WORK INSTRUCTION
For this exercise, retype the lines from the one that holds "Серебряное Кольцо с Эмалью $ 22,00" through the one that holds "Cruce con el Camino Viejo de Leganés" in the records below, both included, exactly and without pictures.

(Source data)
===
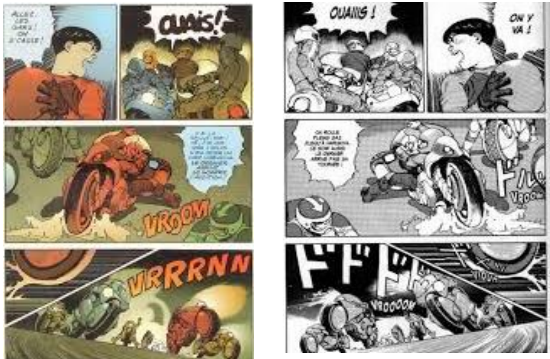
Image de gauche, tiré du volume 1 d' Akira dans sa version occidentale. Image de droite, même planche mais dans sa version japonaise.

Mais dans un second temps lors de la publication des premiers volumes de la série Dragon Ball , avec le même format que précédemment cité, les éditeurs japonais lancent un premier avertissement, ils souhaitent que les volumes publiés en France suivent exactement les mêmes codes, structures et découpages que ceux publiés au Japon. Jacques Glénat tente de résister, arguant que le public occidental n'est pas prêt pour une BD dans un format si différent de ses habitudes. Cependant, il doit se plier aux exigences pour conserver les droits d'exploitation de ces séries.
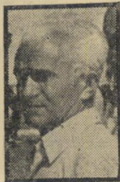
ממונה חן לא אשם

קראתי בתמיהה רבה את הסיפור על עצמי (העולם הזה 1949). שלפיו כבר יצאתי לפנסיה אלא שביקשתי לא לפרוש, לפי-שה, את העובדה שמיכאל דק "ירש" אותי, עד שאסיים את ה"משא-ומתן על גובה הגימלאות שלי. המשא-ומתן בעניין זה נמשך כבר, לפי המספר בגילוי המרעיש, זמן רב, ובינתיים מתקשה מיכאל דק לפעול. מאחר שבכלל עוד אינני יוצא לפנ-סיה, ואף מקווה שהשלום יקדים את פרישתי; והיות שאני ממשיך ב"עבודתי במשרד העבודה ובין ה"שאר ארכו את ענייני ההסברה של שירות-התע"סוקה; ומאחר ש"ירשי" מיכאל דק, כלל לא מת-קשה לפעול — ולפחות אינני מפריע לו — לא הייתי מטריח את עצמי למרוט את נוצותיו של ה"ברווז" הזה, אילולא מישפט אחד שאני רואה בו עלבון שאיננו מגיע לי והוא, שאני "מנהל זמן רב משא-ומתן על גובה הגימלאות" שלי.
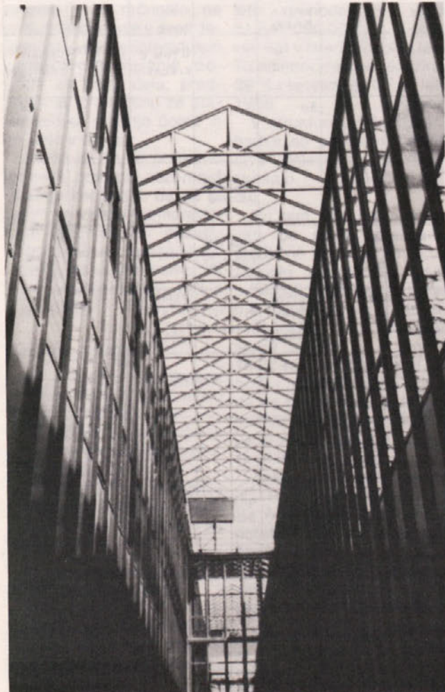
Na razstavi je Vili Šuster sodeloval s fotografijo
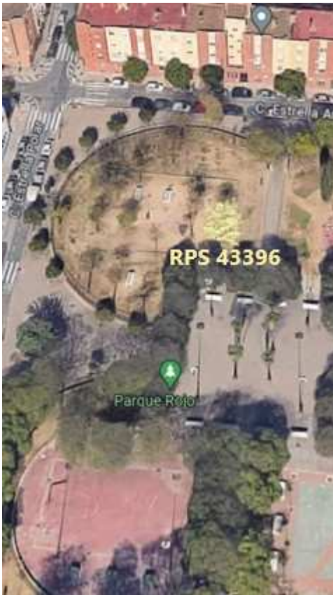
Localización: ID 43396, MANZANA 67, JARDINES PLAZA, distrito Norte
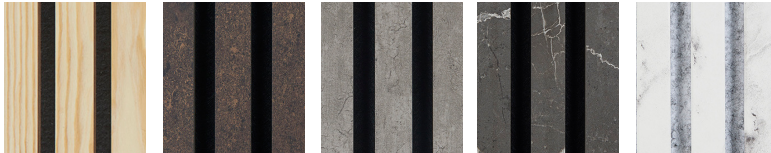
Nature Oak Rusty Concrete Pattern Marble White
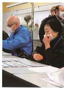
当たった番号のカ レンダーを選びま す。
===
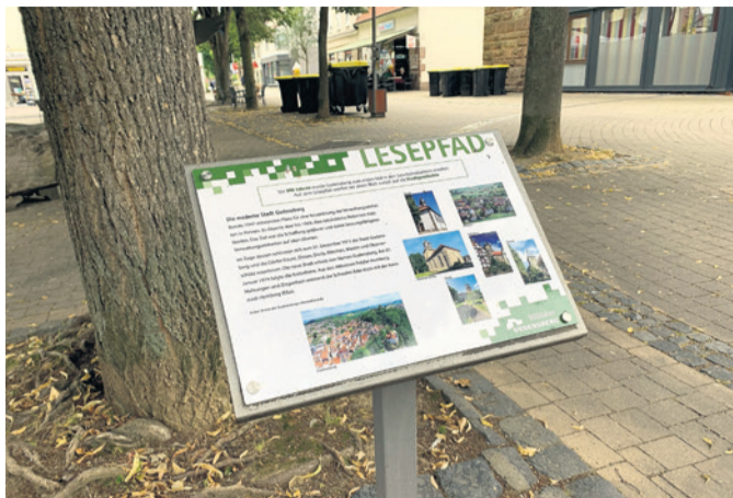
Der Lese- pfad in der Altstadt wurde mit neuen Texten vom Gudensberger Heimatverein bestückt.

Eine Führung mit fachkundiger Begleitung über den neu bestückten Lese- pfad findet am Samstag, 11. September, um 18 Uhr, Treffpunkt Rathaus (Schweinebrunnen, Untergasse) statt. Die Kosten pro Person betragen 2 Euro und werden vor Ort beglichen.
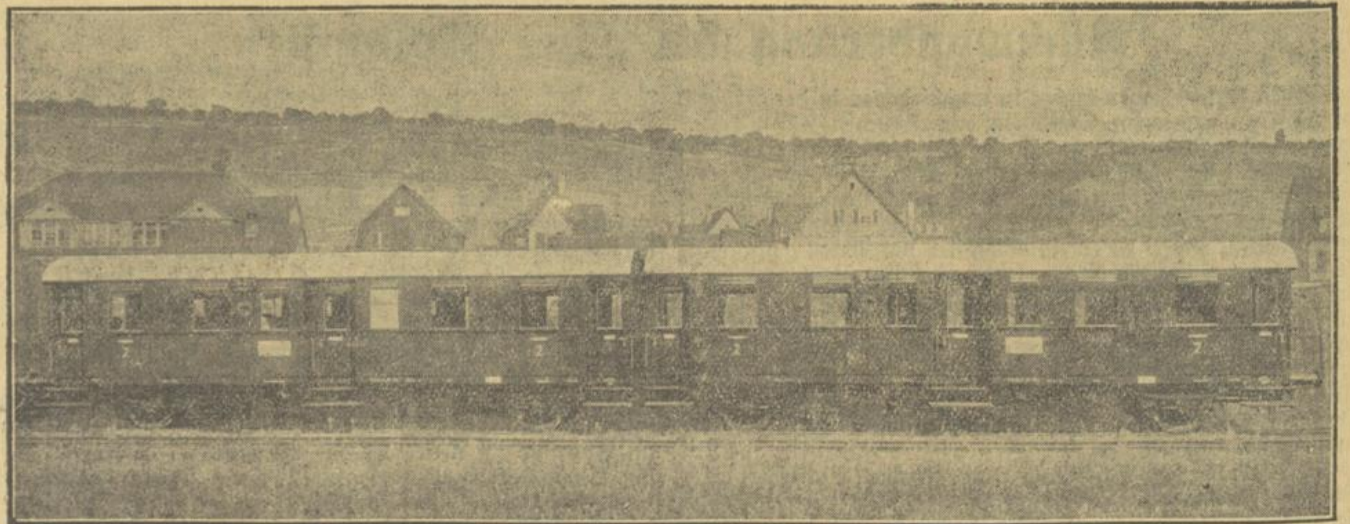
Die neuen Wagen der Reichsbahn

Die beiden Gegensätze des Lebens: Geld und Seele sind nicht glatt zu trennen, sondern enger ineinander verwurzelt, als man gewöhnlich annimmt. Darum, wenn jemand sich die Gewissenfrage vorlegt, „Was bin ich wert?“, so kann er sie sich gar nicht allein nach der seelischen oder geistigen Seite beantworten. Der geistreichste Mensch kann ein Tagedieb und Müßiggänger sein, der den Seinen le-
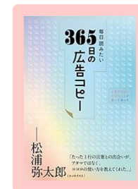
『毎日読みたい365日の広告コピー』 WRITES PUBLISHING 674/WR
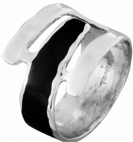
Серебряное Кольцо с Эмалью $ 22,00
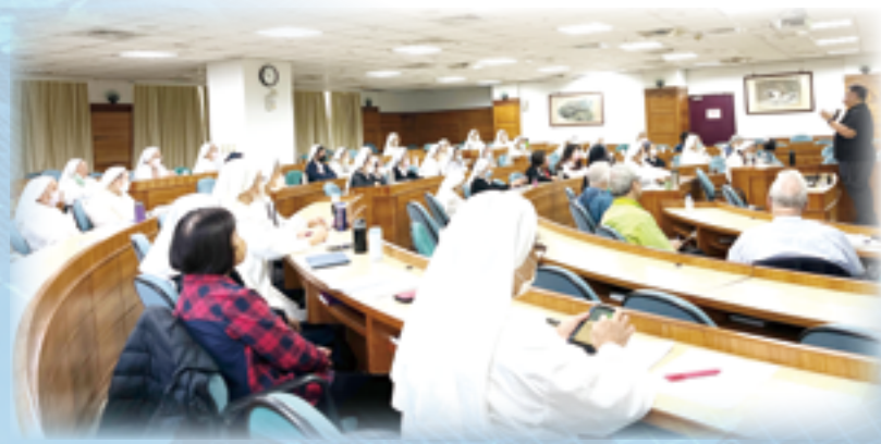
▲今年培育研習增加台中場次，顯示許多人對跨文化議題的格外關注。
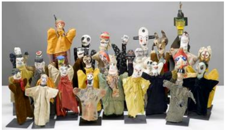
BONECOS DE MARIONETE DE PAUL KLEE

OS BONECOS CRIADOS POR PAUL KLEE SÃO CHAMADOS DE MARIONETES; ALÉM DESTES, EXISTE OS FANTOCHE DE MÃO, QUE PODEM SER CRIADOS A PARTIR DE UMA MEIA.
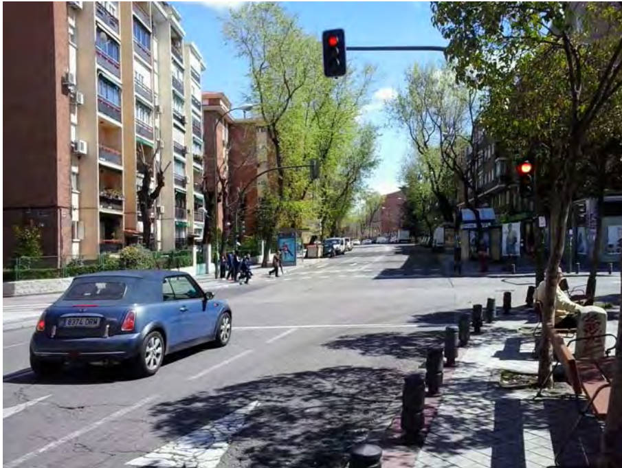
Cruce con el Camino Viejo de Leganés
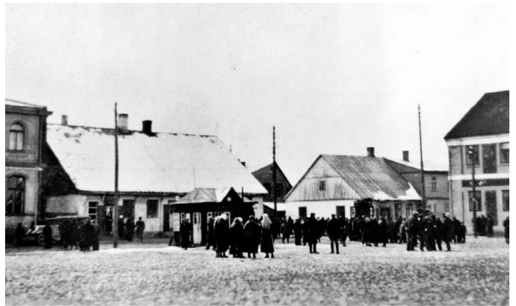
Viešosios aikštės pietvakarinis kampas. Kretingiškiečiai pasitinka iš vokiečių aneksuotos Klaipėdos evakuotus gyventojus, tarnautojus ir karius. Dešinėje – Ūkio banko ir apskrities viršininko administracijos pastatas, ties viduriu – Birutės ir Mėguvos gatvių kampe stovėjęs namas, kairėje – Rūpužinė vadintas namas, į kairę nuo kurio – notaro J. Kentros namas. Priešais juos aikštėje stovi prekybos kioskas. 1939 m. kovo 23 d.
===
RESULT BELOW
Серебряное Кольцо с Эмалью $ 22,00
▲今年培育研習增加台中場次，顯示許多人對跨文化議題的格外關注。
BONECOS DE MARIONETE DE PAUL KLEE

OS BONECOS CRIADOS POR PAUL KLEE SÃO CHAMADOS DE MARIONETES; ALÉM DESTES, EXISTE OS FANTOCHE DE MÃO, QUE PODEM SER CRIADOS A PARTIR DE UMA MEIA.
Cruce con el Camino Viejo de Leganés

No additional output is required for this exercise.